Leave every picture out, and write out the remaining entries exactly.

____________

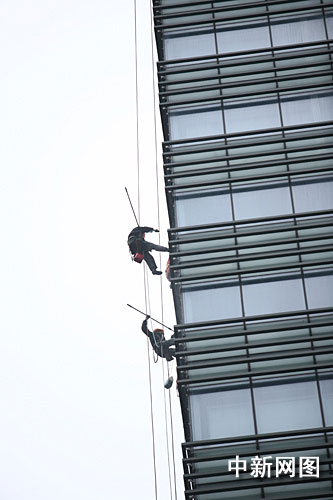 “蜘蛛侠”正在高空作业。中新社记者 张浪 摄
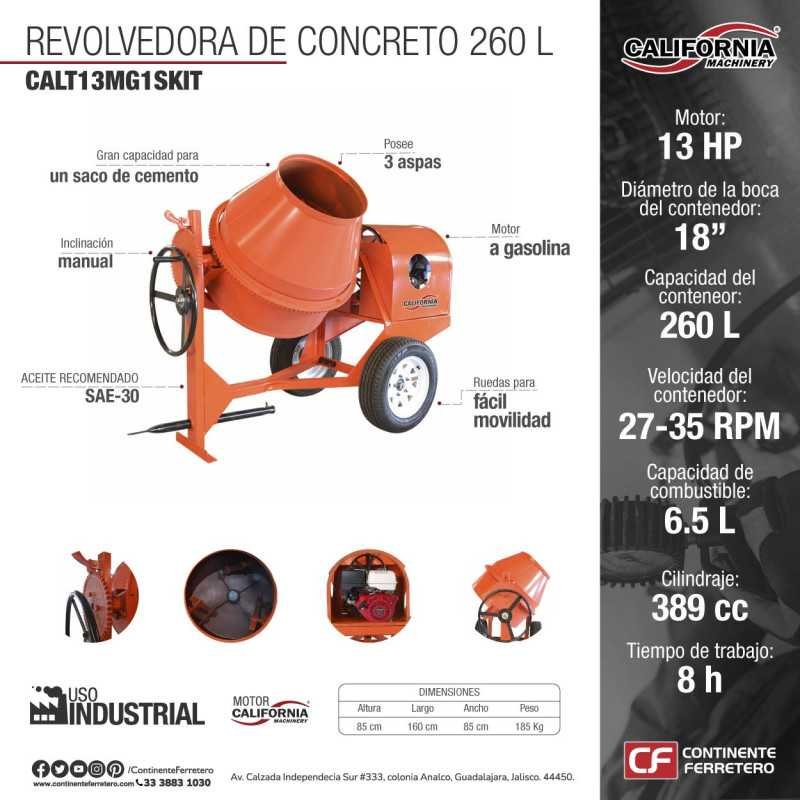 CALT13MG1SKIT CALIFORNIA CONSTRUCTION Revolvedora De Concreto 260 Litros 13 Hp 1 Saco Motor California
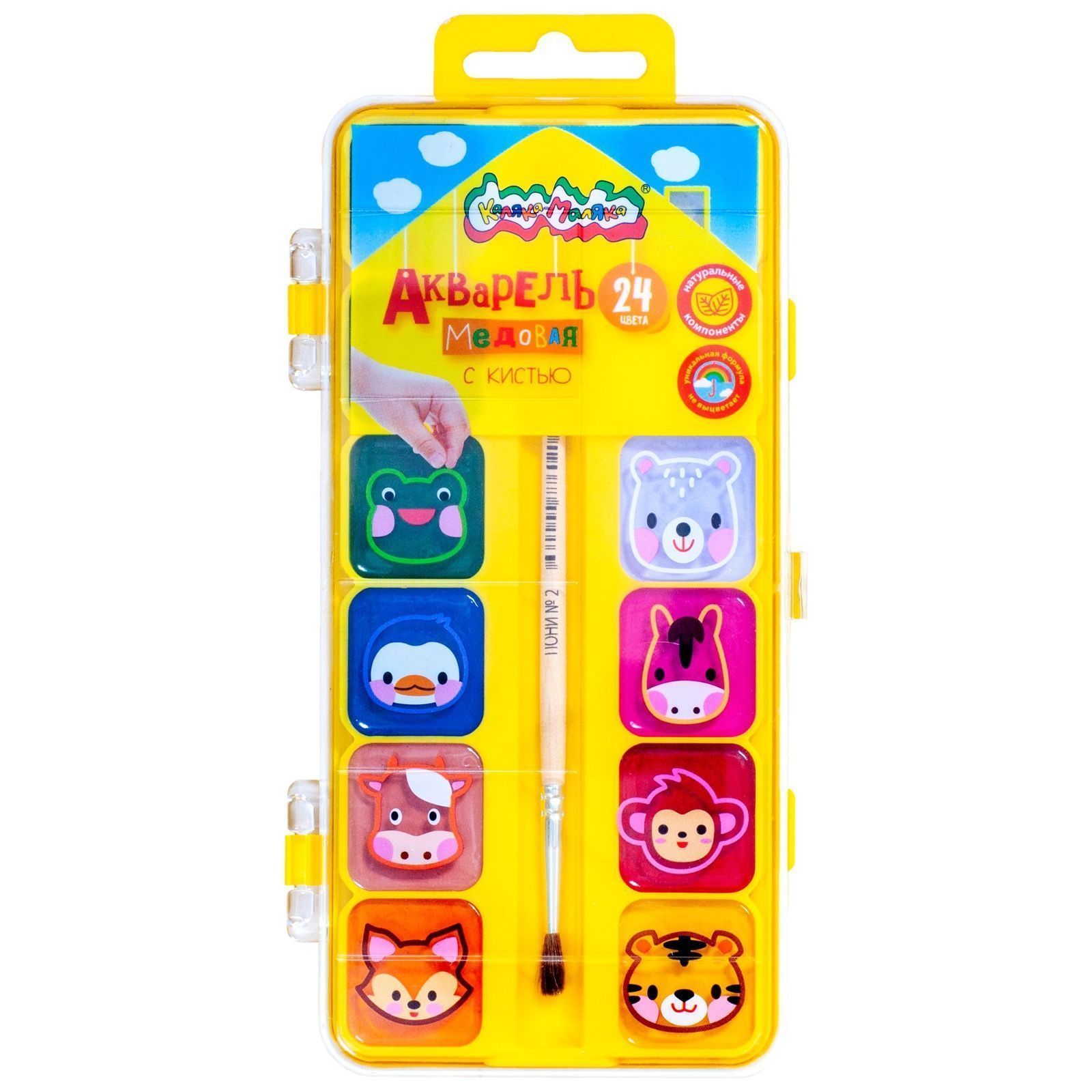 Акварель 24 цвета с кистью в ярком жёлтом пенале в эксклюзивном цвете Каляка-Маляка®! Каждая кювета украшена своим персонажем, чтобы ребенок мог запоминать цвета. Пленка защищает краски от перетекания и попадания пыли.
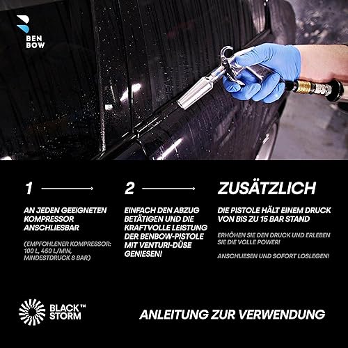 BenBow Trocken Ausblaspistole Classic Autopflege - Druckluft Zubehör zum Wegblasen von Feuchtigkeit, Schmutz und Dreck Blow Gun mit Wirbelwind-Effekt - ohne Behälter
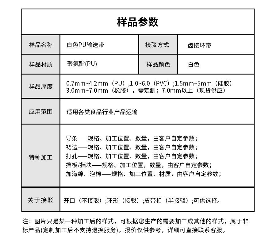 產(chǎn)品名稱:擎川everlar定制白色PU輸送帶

____________

#### Exercise answer
 “蜘蛛侠”正在高空作业。中新社记者 张浪 摄
 CALT13MG1SKIT CALIFORNIA CONSTRUCTION Revolvedora De Concreto 260 Litros 13 Hp 1 Saco Motor California
 Акварель 24 цвета с кистью в ярком жёлтом пенале в эксклюзивном цвете Каляка-Маляка®! Каждая кювета украшена своим персонажем, чтобы ребенок мог запоминать цвета. Пленка защищает краски от перетекания и попадания пыли.
 BenBow Trocken Ausblaspistole Classic Autopflege - Druckluft Zubehör zum Wegblasen von Feuchtigkeit, Schmutz und Dreck Blow Gun mit Wirbelwind-Effekt - ohne Behälter
 產(chǎn)品名稱:擎川everlar定制白色PU輸送帶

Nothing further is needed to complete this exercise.